I think the duplication of logic, such as the various test-specific Page types, is a code smell that suggests that we could improve the test boundaries / testability of the Page types in the SwiftDoc module.

I'm not sure if I agree that it's a duplication of logic. I think it's a valid approach to build abstractions for end-to-end tests which make it easier to reason about the inputs and outputs. And then it's kind of necessary to use the same names / domain language like the program itself. Here are some examples from the swift-argument-parser.

However, I understand and I agree that it adds complexity to the tests and it will be more difficult to understand why a test failed. But maybe that's a price worth paying. But it's hard to assess without having data.

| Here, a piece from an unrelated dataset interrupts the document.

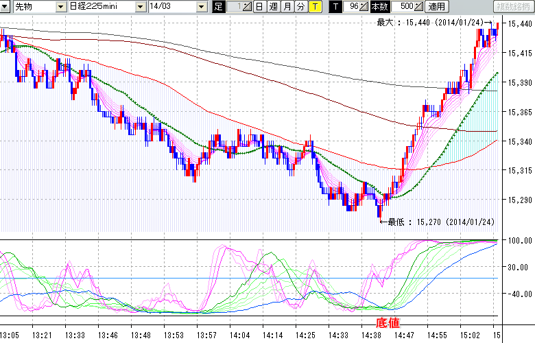 2014/01/24 - tensokoさんの株式ブログ。タイトル:「★1/24 日中の株価の底値★」 本文:★1/24 日中の株価の底値★ ↓クリックで画像拡大↓ ※指標ラインの密集点が天底・転換点を示します。指標の見方日経225mini先物チャート : 96ティック足底値 : 15270 (1/24

Here's what I'm thinking as far as a medium- / long-term end-to-end testing strategy:

* Make `SwiftDoc` page and generator types more testable, so that we can reason about what symbols they contain and how they'll be rendered

I think this will be a challenge. The page and generator types are part of the executable (swift-doc) and not part of the library (SwiftDoc). From what I know, it's not possible to write tests for types of the executable. That's why I decided to go for end-to-end tests, so we can simply test the output of the executable and treat everything else as a black box. Another alternative would be to rethink the package structure and either introduce yet another library or move a lot of the executable's objects to the library.

How I imagine how this could look like (in a far away future): We will have an "abstract" representation of the pages respective what needs to be generated, without anything related to the markdown or HTML rendering. And this is fully unit tested then. And then the generators take this abstract representation and create the output. And this again is fully unit tested.

* In addition, use `CommonMark` and `Markup` parsers to test the actual generated `.md` and `.html` output, treating `swift-doc` as a black box

But isn't this – more or less – what is achieved with this pull request? It tests the actual generated output of the .md and .html files, treating swift-doc as a black box.